Records from a dataset:
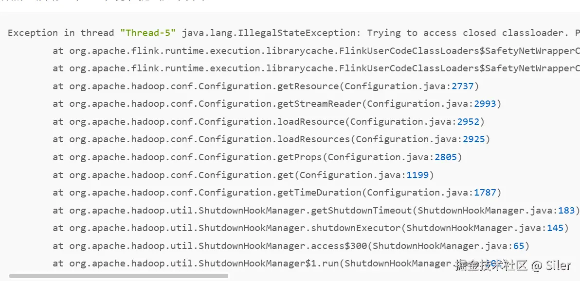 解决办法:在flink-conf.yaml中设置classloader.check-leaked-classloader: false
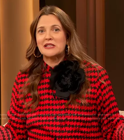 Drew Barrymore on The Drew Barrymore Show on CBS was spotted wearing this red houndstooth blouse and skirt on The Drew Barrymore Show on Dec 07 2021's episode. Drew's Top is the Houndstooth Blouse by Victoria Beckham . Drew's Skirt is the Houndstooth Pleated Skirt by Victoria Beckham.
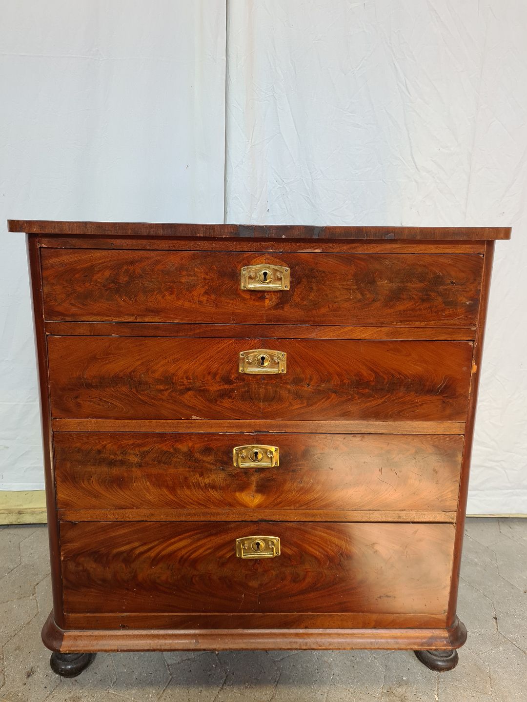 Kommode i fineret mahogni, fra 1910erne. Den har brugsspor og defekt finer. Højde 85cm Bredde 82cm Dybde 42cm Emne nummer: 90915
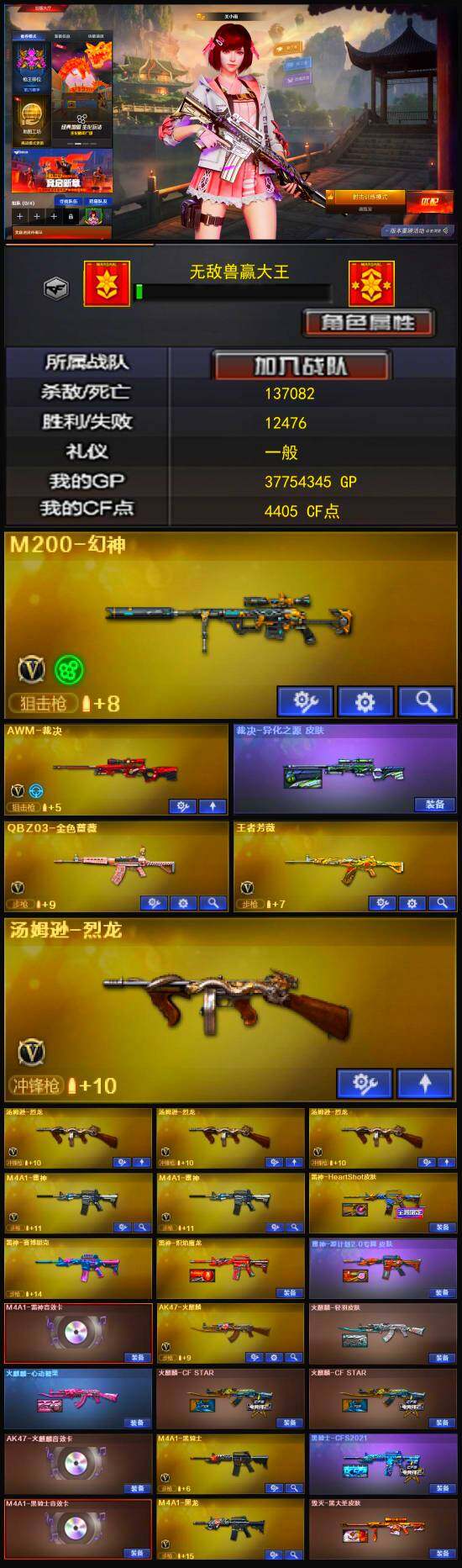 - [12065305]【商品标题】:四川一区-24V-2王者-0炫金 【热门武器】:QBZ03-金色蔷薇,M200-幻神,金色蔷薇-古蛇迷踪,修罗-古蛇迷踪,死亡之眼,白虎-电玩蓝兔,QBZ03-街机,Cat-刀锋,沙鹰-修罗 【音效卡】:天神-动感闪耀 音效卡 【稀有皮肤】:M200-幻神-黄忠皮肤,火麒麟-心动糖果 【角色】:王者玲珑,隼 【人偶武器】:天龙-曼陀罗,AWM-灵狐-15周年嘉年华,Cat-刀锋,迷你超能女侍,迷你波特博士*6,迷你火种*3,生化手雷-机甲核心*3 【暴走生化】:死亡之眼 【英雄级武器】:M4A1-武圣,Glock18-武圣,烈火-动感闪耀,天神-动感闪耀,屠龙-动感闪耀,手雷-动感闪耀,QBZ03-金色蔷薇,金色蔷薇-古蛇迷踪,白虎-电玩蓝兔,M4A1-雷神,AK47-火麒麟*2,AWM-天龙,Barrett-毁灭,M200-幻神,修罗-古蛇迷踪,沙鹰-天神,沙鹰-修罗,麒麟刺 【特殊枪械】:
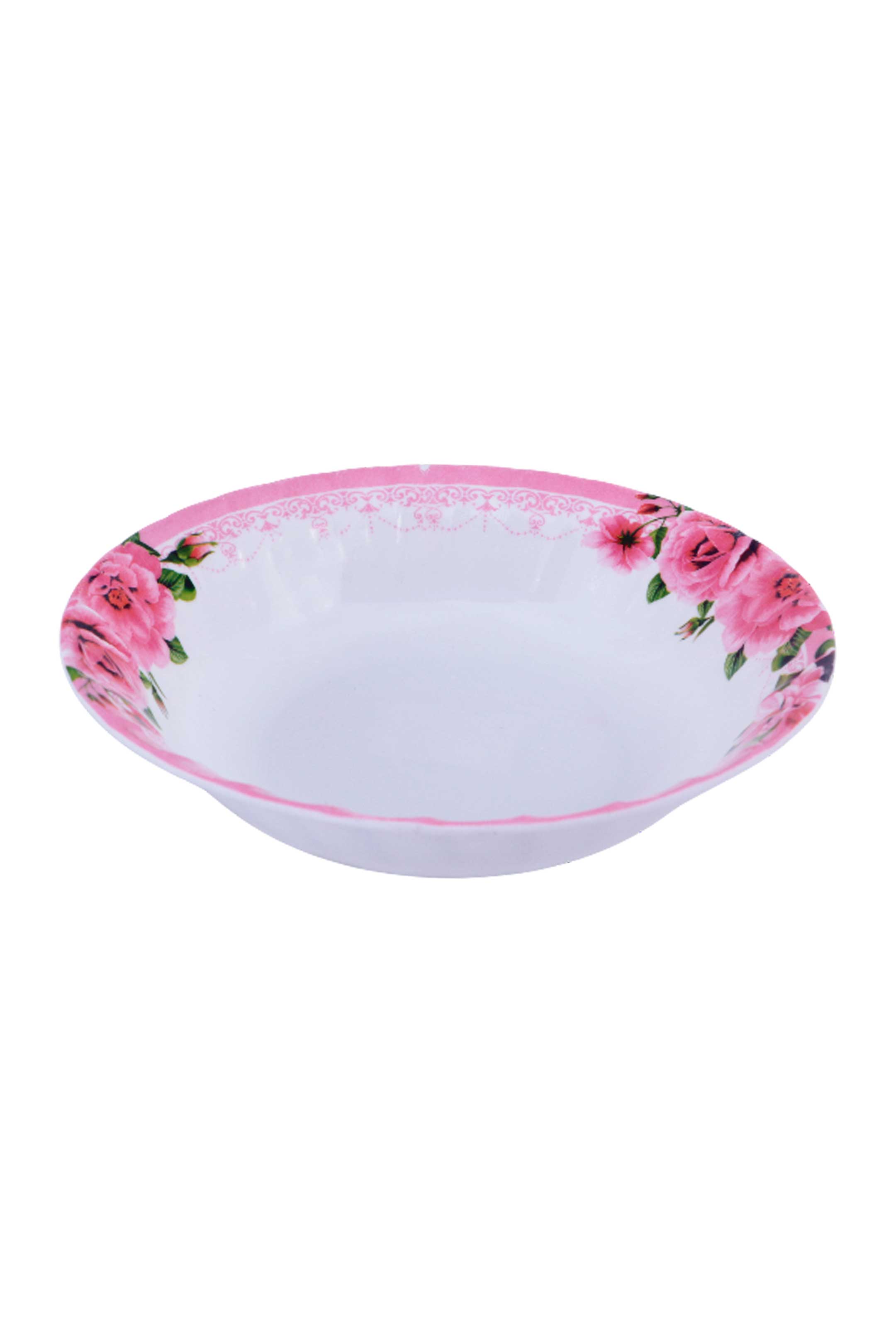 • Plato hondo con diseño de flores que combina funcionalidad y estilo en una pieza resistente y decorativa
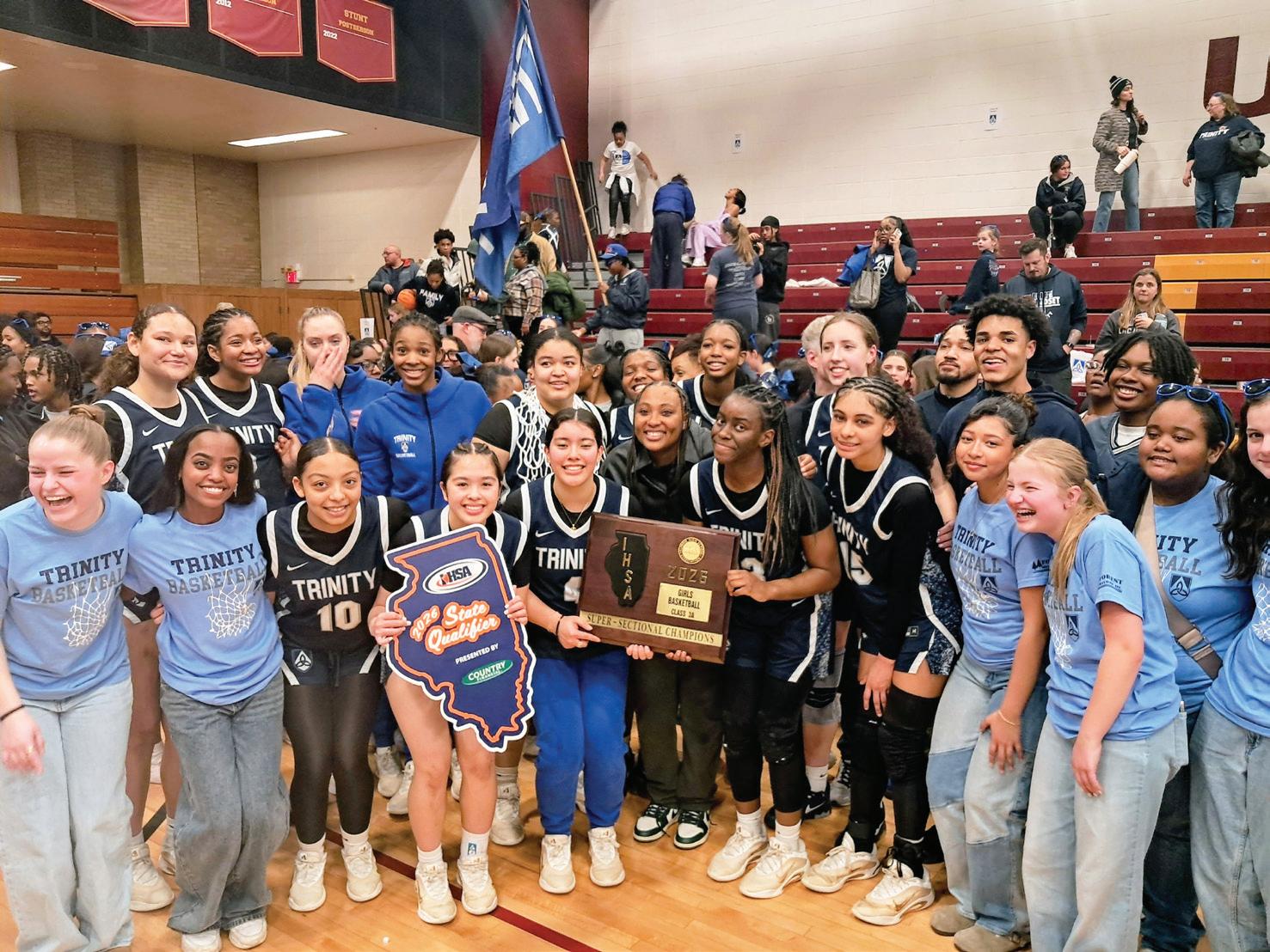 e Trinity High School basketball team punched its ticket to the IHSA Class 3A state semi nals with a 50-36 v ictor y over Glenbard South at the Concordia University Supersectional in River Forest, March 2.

_About this task_. All entries should be reproduced exactly; no picture belongs in the result.

_Output of the task_.
 解决办法:在flink-conf.yaml中设置classloader.check-leaked-classloader: false
 Drew Barrymore on The Drew Barrymore Show on CBS was spotted wearing this red houndstooth blouse and skirt on The Drew Barrymore Show on Dec 07 2021's episode. Drew's Top is the Houndstooth Blouse by Victoria Beckham . Drew's Skirt is the Houndstooth Pleated Skirt by Victoria Beckham.
 Kommode i fineret mahogni, fra 1910erne. Den har brugsspor og defekt finer. Højde 85cm Bredde 82cm Dybde 42cm Emne nummer: 90915
 - [12065305]【商品标题】:四川一区-24V-2王者-0炫金 【热门武器】:QBZ03-金色蔷薇,M200-幻神,金色蔷薇-古蛇迷踪,修罗-古蛇迷踪,死亡之眼,白虎-电玩蓝兔,QBZ03-街机,Cat-刀锋,沙鹰-修罗 【音效卡】:天神-动感闪耀 音效卡 【稀有皮肤】:M200-幻神-黄忠皮肤,火麒麟-心动糖果 【角色】:王者玲珑,隼 【人偶武器】:天龙-曼陀罗,AWM-灵狐-15周年嘉年华,Cat-刀锋,迷你超能女侍,迷你波特博士*6,迷你火种*3,生化手雷-机甲核心*3 【暴走生化】:死亡之眼 【英雄级武器】:M4A1-武圣,Glock18-武圣,烈火-动感闪耀,天神-动感闪耀,屠龙-动感闪耀,手雷-动感闪耀,QBZ03-金色蔷薇,金色蔷薇-古蛇迷踪,白虎-电玩蓝兔,M4A1-雷神,AK47-火麒麟*2,AWM-天龙,Barrett-毁灭,M200-幻神,修罗-古蛇迷踪,沙鹰-天神,沙鹰-修罗,麒麟刺 【特殊枪械】:
 • Plato hondo con diseño de flores que combina funcionalidad y estilo en una pieza resistente y decorativa
 e Trinity High School basketball team punched its ticket to the IHSA Class 3A state semi nals with a 50-36 v ictor y over Glenbard South at the Concordia University Supersectional in River Forest, March 2.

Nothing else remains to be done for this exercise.